If you live on the Hong Kong Island, there’s a chance you might perceive people from Kowloon as low class, rough, uneducated. Some people I know live in Hong Kong Island and go to Kowloon once a year. Some like to avoid it, but it’s difficult. Approximately 50 percent of Hong Kong’s population live in “low-class” government housing. And there are different types of government housing. If you remember Made in Hong Kong(Chan’s first film — B.T.), there were various types of government housing there, ones with a long corridor, with an enclosed courtyard, etc. Some architects who saw my films instantly recognized the idea behind this “stylish” exploration of Hong Kong architecture and found it fascinating. The building in which Mei lives was built in the 1950s, I think, in the first generation of public housing in Hong Kong. Before this period there was no government housing, but after the big fire in which the old huts were destroyed, the planning and building started. I’m a Hong Kong director, and in Hong Kong movies I like to show local culture.

I remember the manic scrubbing in Durian Durian. Is it related to your characters’ obsession with cosmetics in Dumplings?

Not really. In Durian Durian, the working prostitute took ten or more baths a day, depending on the number of clients. That’s the reason why the only time when she is relaxed is while taking a bath — when she travels away to visit her family in the country.

How did you find working with Christopher Doyle? Do you think your films are now marked with the similar visual signature as those of Wong kar Wai and Pen-ek Ratanaruang?
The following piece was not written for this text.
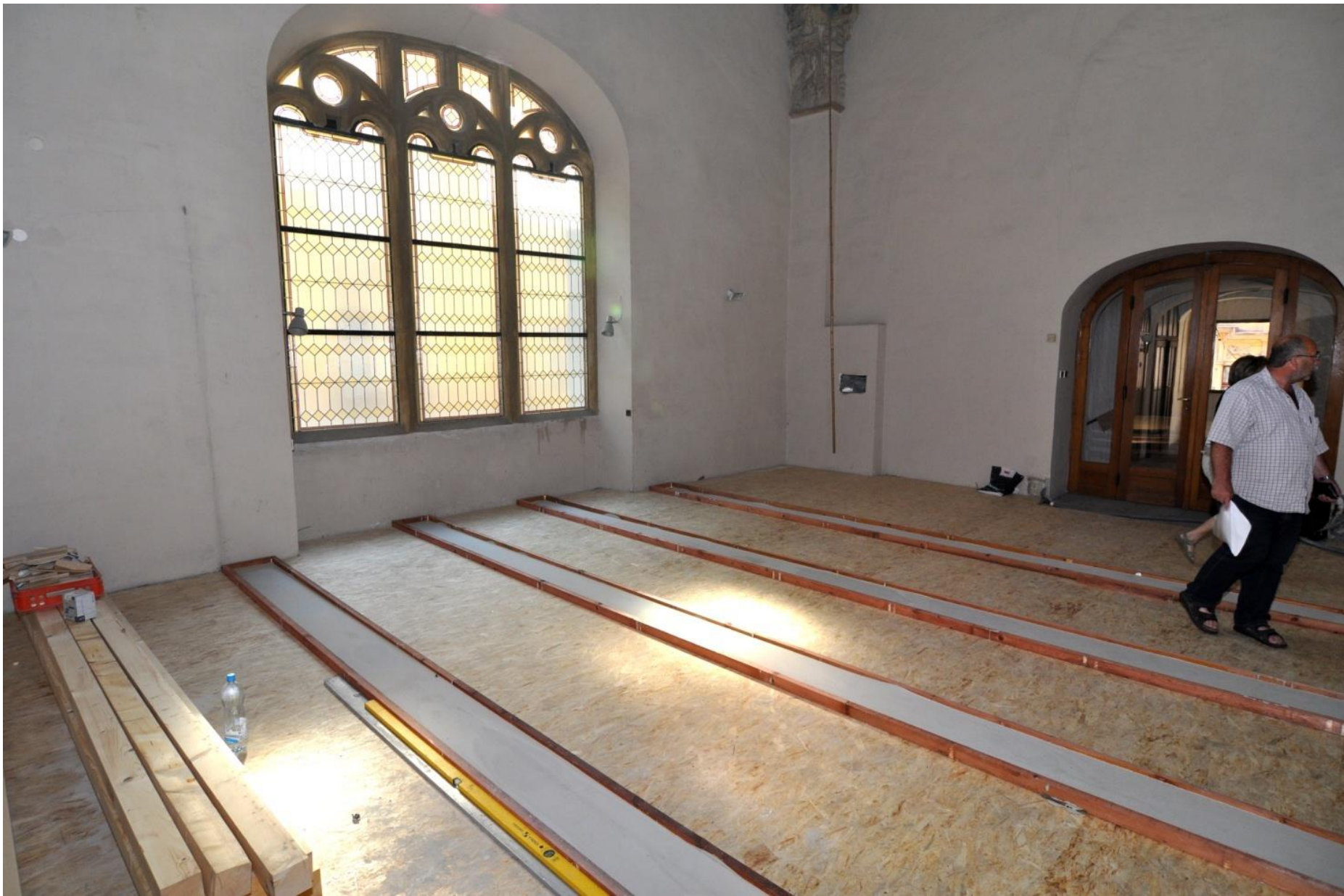
Opravy oprav na kruchtě.

No (laughter). Even if I had a producer and money to make a Wong kar Wai film, I wouldn’t know how to do it. I make different kinds of films. Doyle is amazing, and very creative. Before, I used to make movies with my old crew, and I was the boss on location. Now I had to make compromises, try to use his ideas in order to show the horror and the female struggle with herself in the film. Compared to my old movies,Dumplings looks completely different. And this is thanks to Christopher Doyle.

What is your next project?

My next project will be filmed in China at the end of 2005. It is a comedy, and I am again reflecting on different aspects of Chinese traditional culture (chuckling) — to some extent it is about sport, the Olympic Games. I would like to concentrate on China in this film and I hope to do that with the same kind of energy I used in my previous films. My films are energetic, even when they are sad. They have emotions, feelings.